Michael J. Waxman, Portland, ME, for Plaintiff.

Michael Poulin, Skelton, Taintor & Abbott, Auburn, ME, for Defendant.

 
MEMORANDUM AND ORDER GRANTING DEFENDANT'S MOTION FOR SUMMARY JUDGMENT

GENE CARTER, District Judge.

Now before the Court for decision is Defendant's Motion for Summary Judgment (Docket No. 4). Plaintiff Cheryl Clapp sues her employer, Defendant Northern Cumberland Memorial Hospital, alleging violations of the Americans with Disabilities Act, 42 U.S.C. § 12101 et seq. (Count I), and the Maine Human Rights Act, 5 M.R.S.A. § 4551 et seq. (Count II). For the reasons explained below, the Court will grant the motion.

 
I. FACTS

Plaintiff Cheryl Clapp is a staff nurse at Northern Cumberland Memorial Hospital ("NCMH"), where she has been employed since May 1987. Clapp Affidavit ¶ 2. In 1992, after attempting to conceive a child for more than two years, Plaintiff was diagnosed with endometriosis and underwent surgery for the removal of cysts.
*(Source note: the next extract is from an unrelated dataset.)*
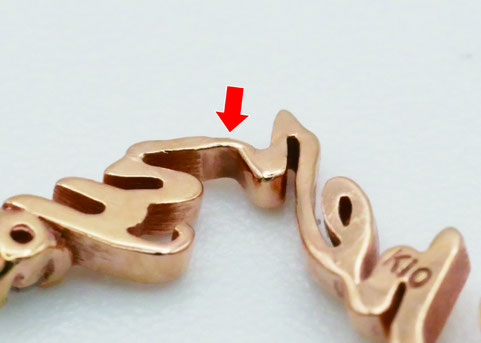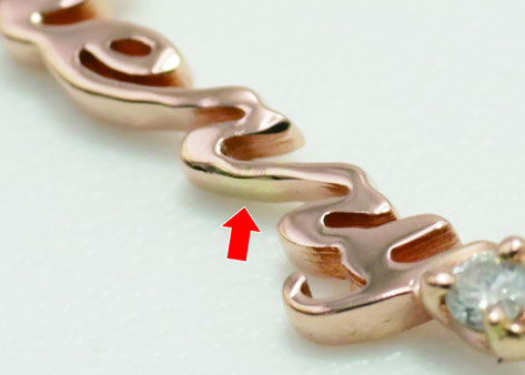 曲がってしまった部分はデザイン的にも厚みが薄くなっていて、

Id. ¶¶ 3, 7. Plaintiff became pregnant in July of 1992 but miscarried shortly thereafter. Id. ¶ 9. In August of 1994, a doctor informed Plaintiff and Plaintiff's husband that the couple had less than a two percent chance of conceiving per cycle. Id. ¶ 12.
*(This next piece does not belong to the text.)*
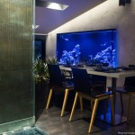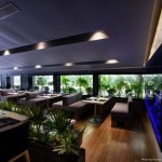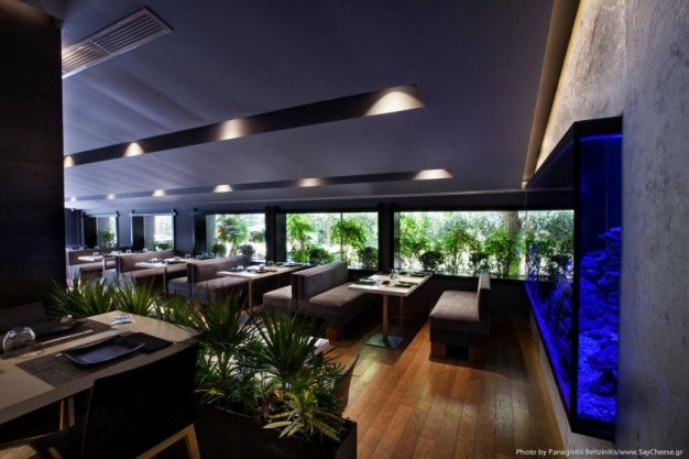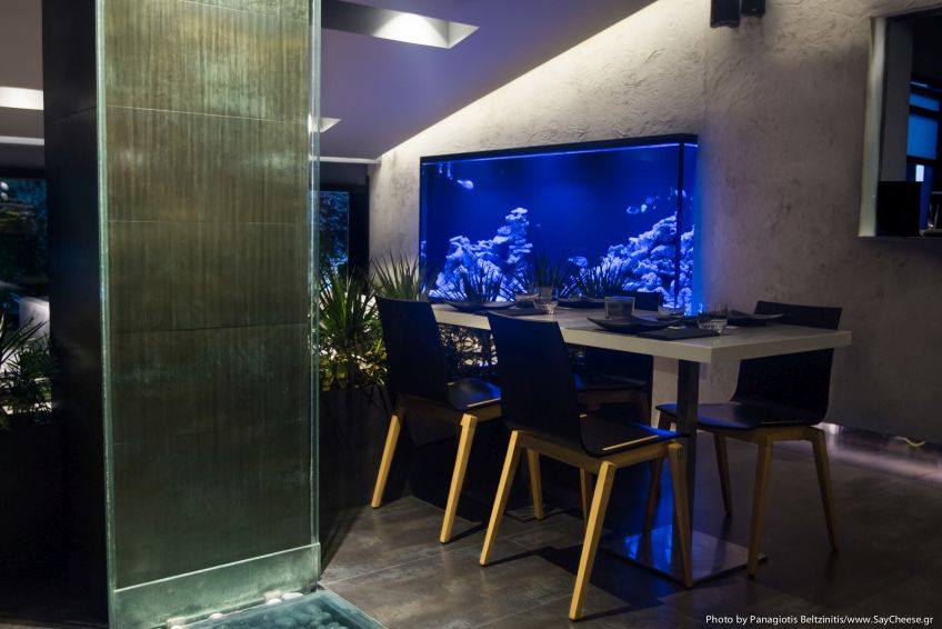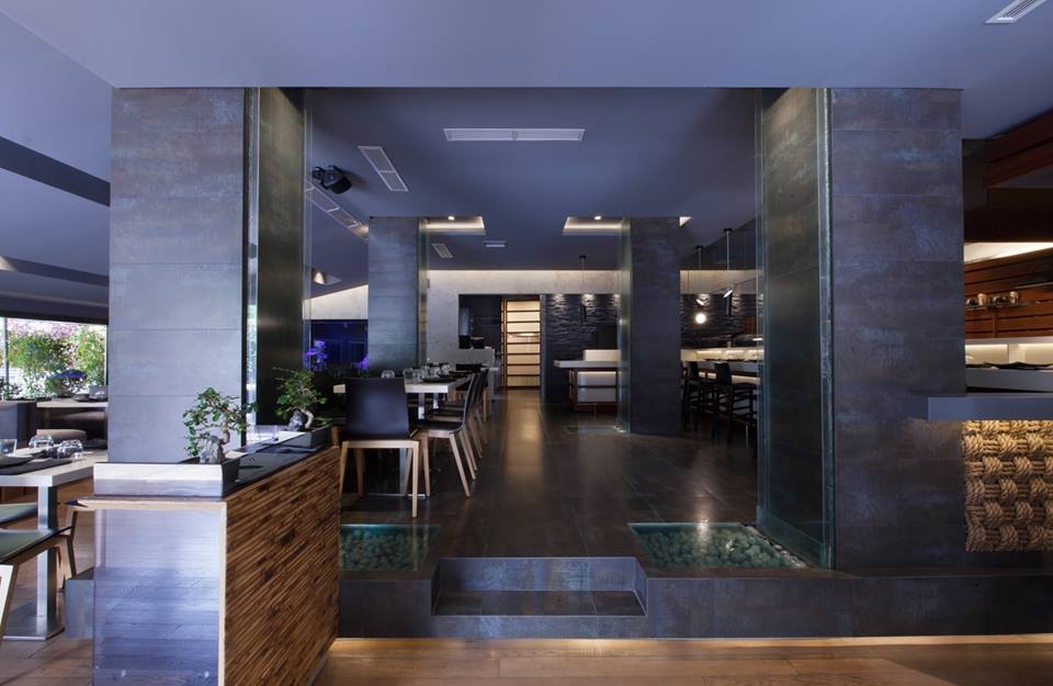 Η μινιμαλιστική αισθητική του χώρου στους τόνους του γκρι, το εντυπωσιακό ενυδρείο και οι κολώνες που τρέχουν νερό εκφράζουν το σύμβολο tomoe και τη γιαπωνέζικη φιλοσοφία που περιστρέφεται γύρω από την κυκλική ροή της ενέργειας και την κίνηση του νερού.

In July 1995, Plaintiff submitted a written request for a twelve-week maternity leave of absence to adopt a child. Id. 18, 25; Clapp Dep. at 12. In order to receive compensation during her leave of absence, Plaintiff also sought to use her accrued sick leave. Id. ¶ 20.

Defendant granted Plaintiff's request for a twelve-week leave of absence, but denied Plaintiff's request to use accrued sick leave. Clapp Aff. ¶ 26; Clapp Dep. at 8-9. Defendant allows employees to use paid sick leave only in cases of sickness, injury, pregnancy, *504 or childbirth. Wiesendanger Aff. ¶ 11. It is undisputed that, at the time Plaintiff requested sick leave, she was not sick or injured in any way and that Plaintiff's adopted child was healthy. Clapp Dep. at 11-12; Wiesendanger Aff. ¶ 9. During Plaintiff's leave of absence in the summer of 1995, her infertility did not interfere in any way with her ability to care for herself, perform manual tasks, walk, see, hear, speak, breathe, learn, or work. Clapp Dep. at 13.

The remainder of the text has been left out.